The Mississippi Republican Party’s executive committee and representatives from both campaigns met Tuesday, but the committee did not certify election results, Morgan said, adding that just over half of the counties had so far submitted their results.

Morgan said the state party has followed the law throughout the election.

“We’re looking forward to the fall campaign. We want to resolve this as soon as possible,” he said. “Republicans have a real legitimate chance to retake the Senate and we want to do all we can to make sure the (Mississippi) seat remains in Republican hands.”

Group says requests to view records was denied

True the Vote, a conservative group, filed a lawsuit Tuesday in federal court against the Mississippi secretary of state and the executive committee of the state’s Republican Party, after it analyzed electoral turnout and other data and was “inundated” with reports of election violations.

The lawsuit alleges that voters not authorized to vote in the primary runoff may have “diluted” the votes of legitimate Republican voters.

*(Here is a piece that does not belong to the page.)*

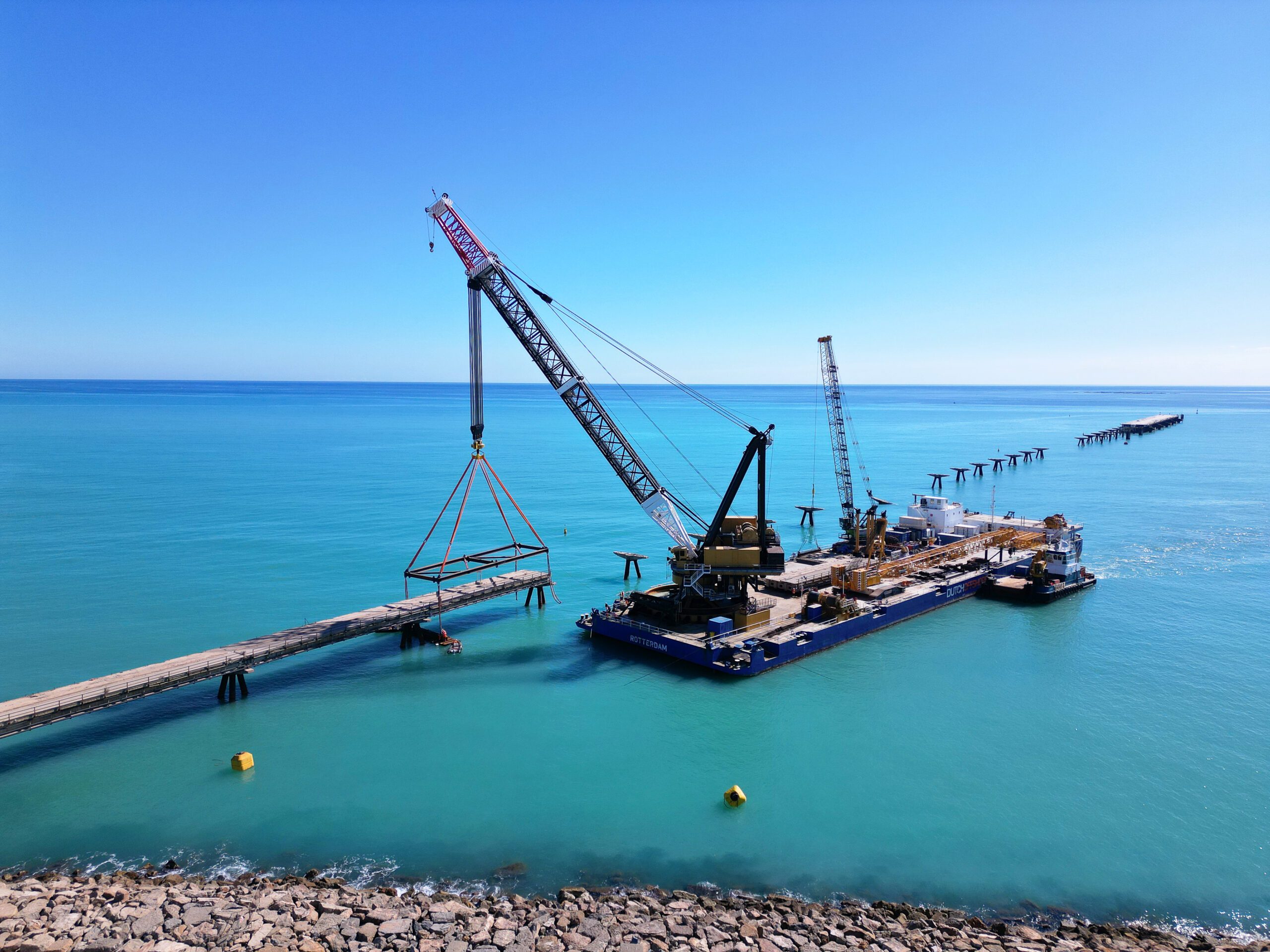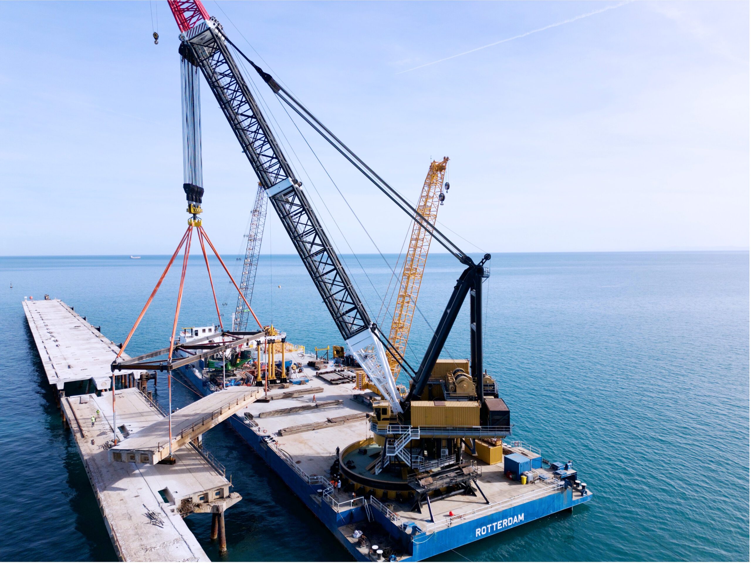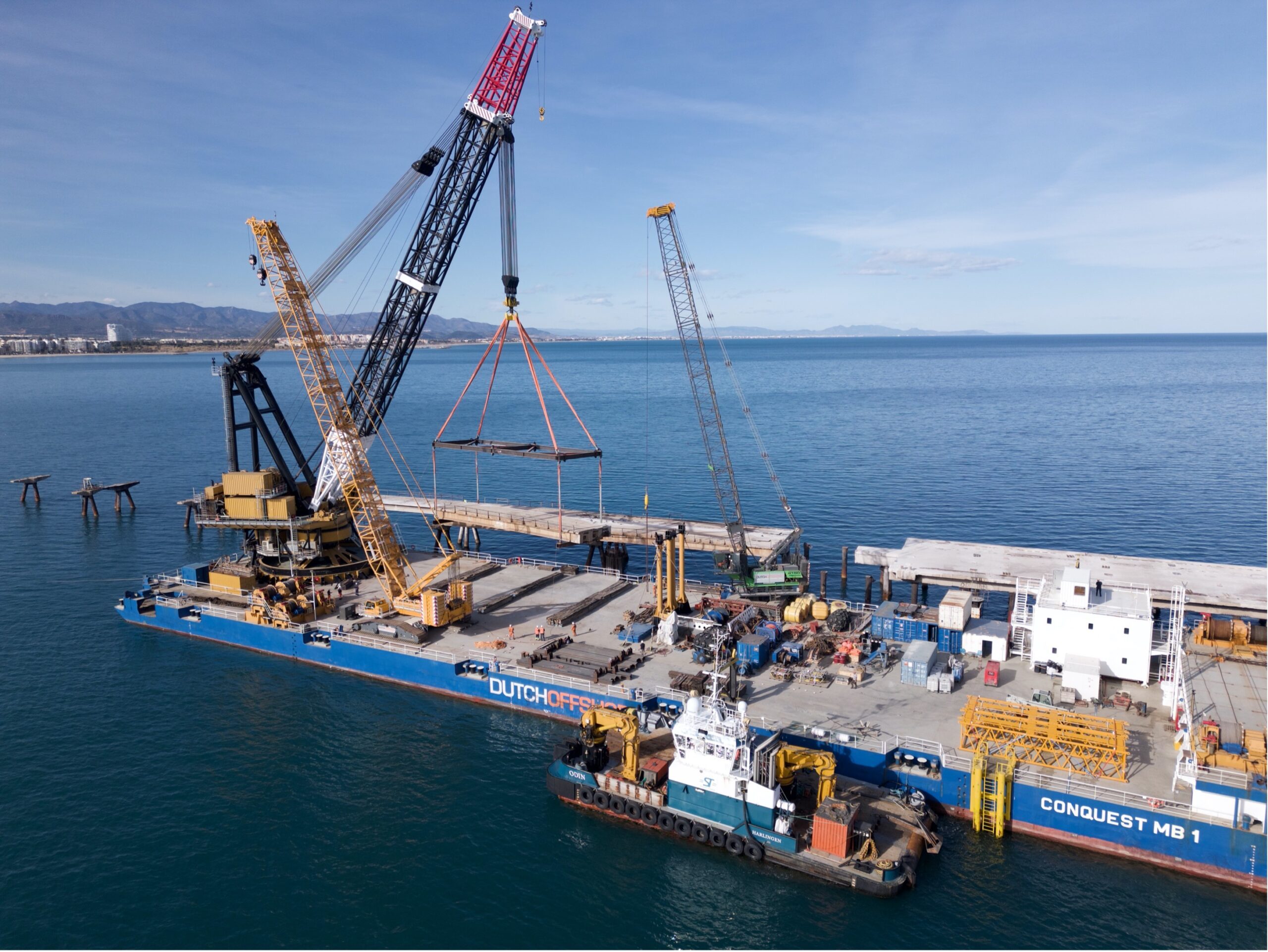 The Sagunto jetty, more than 1100m in length, was built in the mid 70’s by the Mining Company of Sierra Menera and continued to operate as a dock for vessels until 2009. In 2022, after years of deterioration while idle, the Valencia Port Authority deemed it unsafe and put out an emergency bid to have the jetty removed. Sacyr S.A. Construction Company won the bid and called on the Conquest MB1 to team up and tackle the job.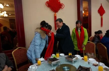 银桥南海董事长王先炎给员工佩带吉祥围巾

It demands that state election officials open up the books and defer to federal law over state statutes in disclosing election records.

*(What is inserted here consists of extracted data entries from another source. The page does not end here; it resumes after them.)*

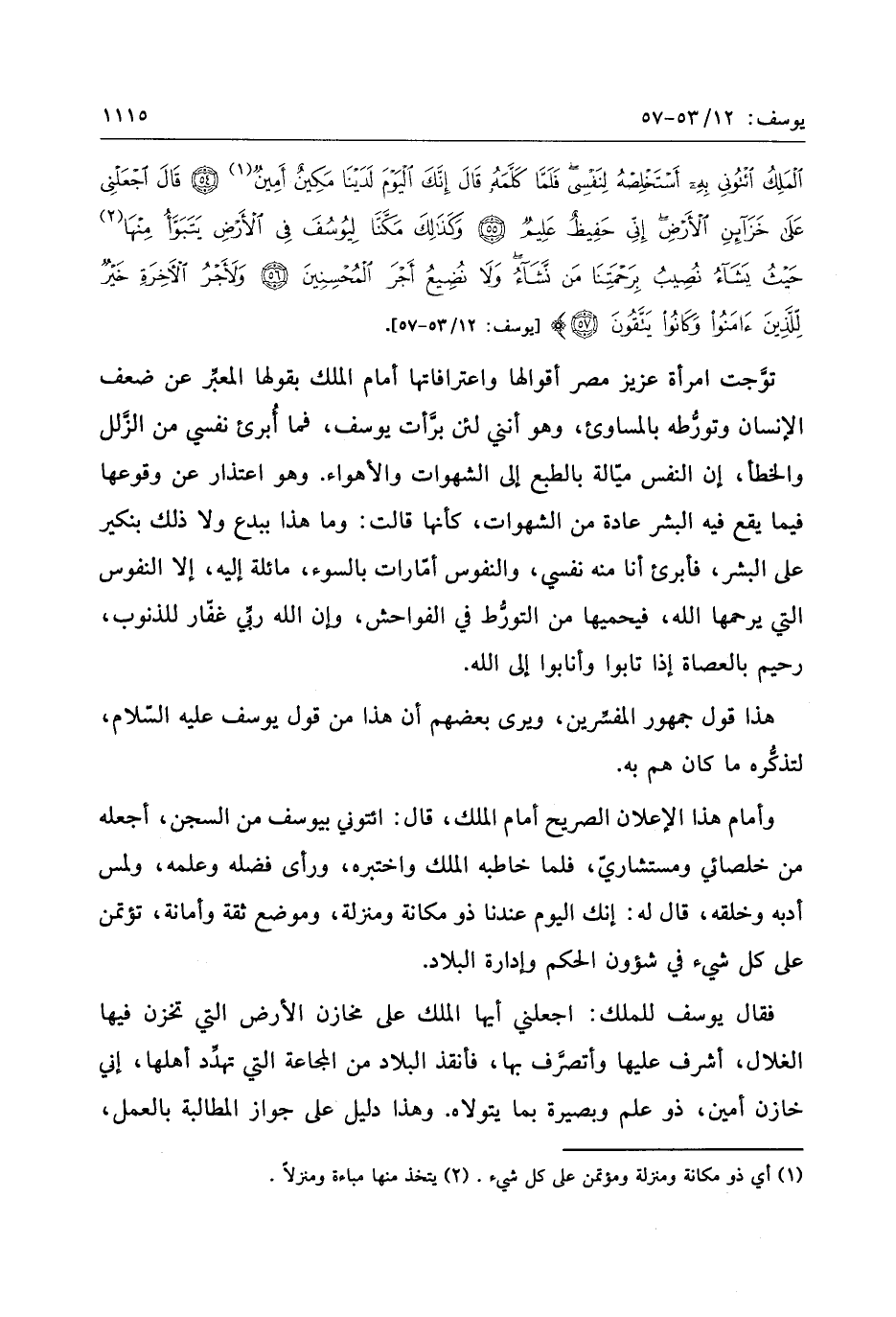 توّجت امرأة عزيز مصر أقوالها واعترافاتها أمام الملك بقولها المعبّر عن ضعف الإنسان وتورّطه بالمساوئ، وهو أنني لئن برّأت يوسف، فما أبرئ نفسي من الزّلل والخطأ، إن النفس ميّالة بالطبع إلى الشهوات والأهواء. وهو اعتذار عن وقوعها فيما يقع فيه البشر عادة من الشهوات، كأنها قالت: وما هذا ببدع ولا ذلك بنكير على البشر، فأبرئ أنا منه نفسي، والنفوس أمّارات بالسوء، مائلة إليه، إلا النفوس التي يرحمها الله، فيحميها من التورّط في الفواحش، وإن الله ربّي غفّار للذنوب، رحيم بالعصاة إذا تابوا وأنابوا إلى الله.
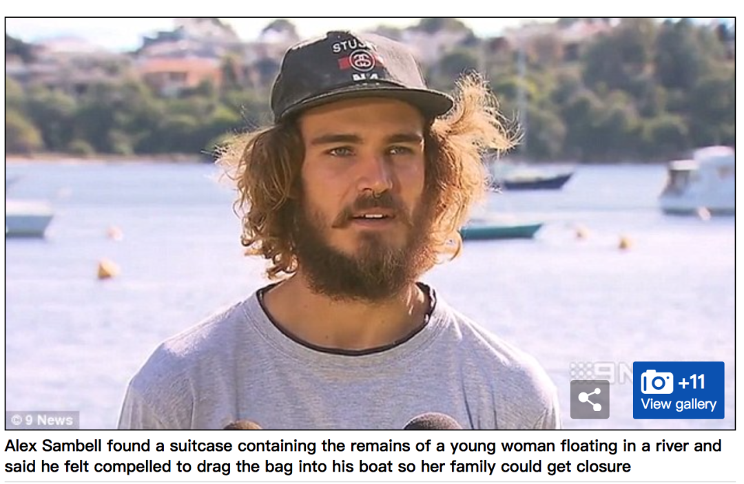 21岁的亚历克斯·桑贝尔(Alex Sambell)经常和朋友一起在天鹅河上打渔,作为专业的渔民,他们通常会起很早去下网。2016年7月2日,他们于七点半左右抵达了天鹅河,如往常一样,平静的河水,安静的河面。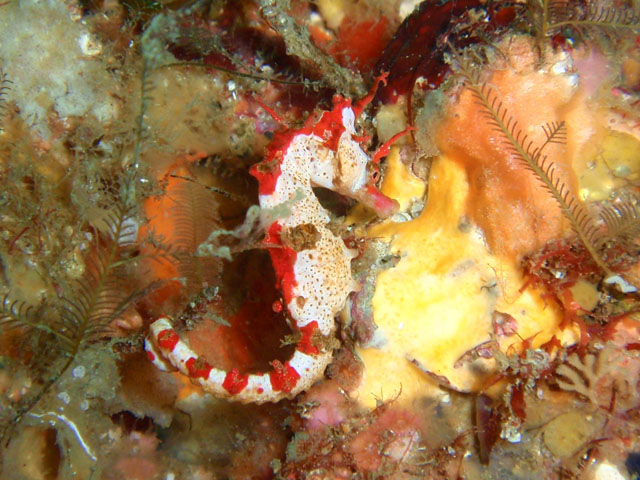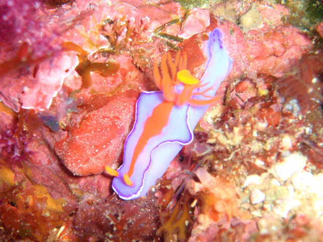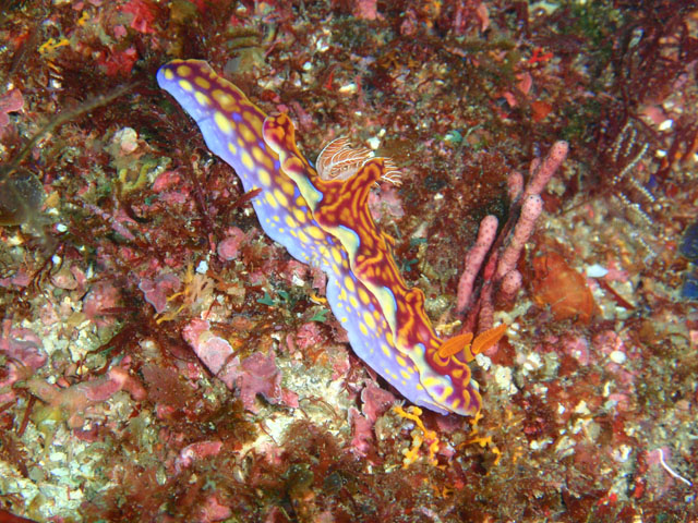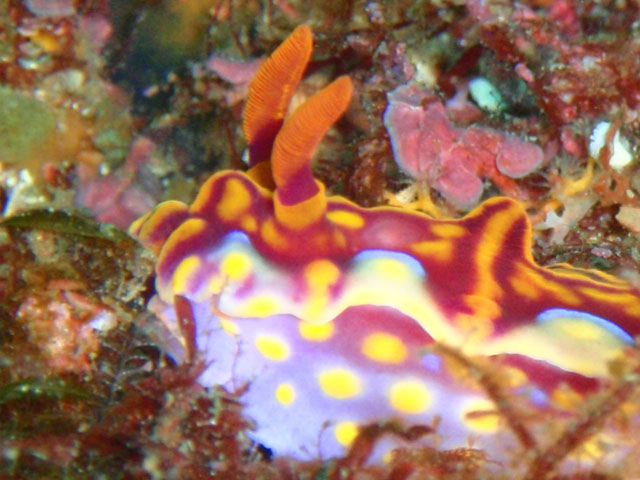 こちらがニシキウミウシ(の子供?)。 昔はフタイロニシキウミウシと呼ばれていたそうです。 フルーツポンチウミウシとともに, 今はニシキウミウシに分類されています。

The group said it became suspicious after turnout rates shot up in certain precincts and its requests to view records were denied.

“We are not approaching it from a belief of who should have won the race. Let’s find out what the actual final score was, and which points were legitimate and which were not on either side,” said Carl Logan, True the Vote’s communications director. “At the end of the day we don’t care who wins or loses.”

Logan explained that the group gathered complaints from Mississippi voters who said they observed violations of election law.

One voter complained in an e-mail to Logan that he was not asked for photo identification when he went to vote, which was required for the first time this election under Mississippi law.

“He was concerned that he could not have been the only one not to show an ID in the primary runoff,” Logan said.

He added that True the Vote will encourage voters with complaints to contact their local election officials.

State party says group misunderstands the law

The nonprofit’s lawsuit was joined by 13 Mississippi voters, several of whom are affiliated with the tea party. They claim that election officials denied some of their requests to view voting records or demanded “exorbitant fees,” Logan said.

Joe Nosef, the chairman of the Mississippi Republican Party, said in a statement that True the Vote’s lawsuit is based on a “misunderstanding of both Mississippi law” and the state party’s role in the election.

“Since these allegations do not include anything the MSGOP did or is doing wrong, we will ask to be released from this lawsuit soon,” Nosef said.

The lawsuit asks for full access to unredacted Mississippi election records for the Republican primary – which would include voters’ birth dates and Social Security numbers – to allow True the Vote to accurately verify whether illegal ballots were counted.

Justin Levitt, a professor at Loyola Law School, Los Angeles, and an expert in national election law, said he believes a thorough review of election records will reveal fewer illegal votes than skeptics of the runoff claim.

Levitt said that partial election records, like those reviewed by True the Vote and McDaniel supporters, can often overstate voter fraud, which is later revealed as clerical error or due to voters with identical names and birth dates – which Levitt said is actually very common.

“It’s always difficult to predict what is going to happen,” Levitt said. “They can give more or less of a thumbs up or down on each of the lawsuit’s claims.”

While the group may gain access to more election records through the lawsuit, Mississippi College law professor Matthew Steffey said it is unlikely the review of records will lead to a new election.

“I don’t think showing that 1 to 2% of the electorate had some irregularity is enough,” Steffey said. “If it were easy to get courts to order a new election, we would have had a new vote in Florida” during the challenge to the presidential election results in 2000.

Mississippi has no provisions for election recounts.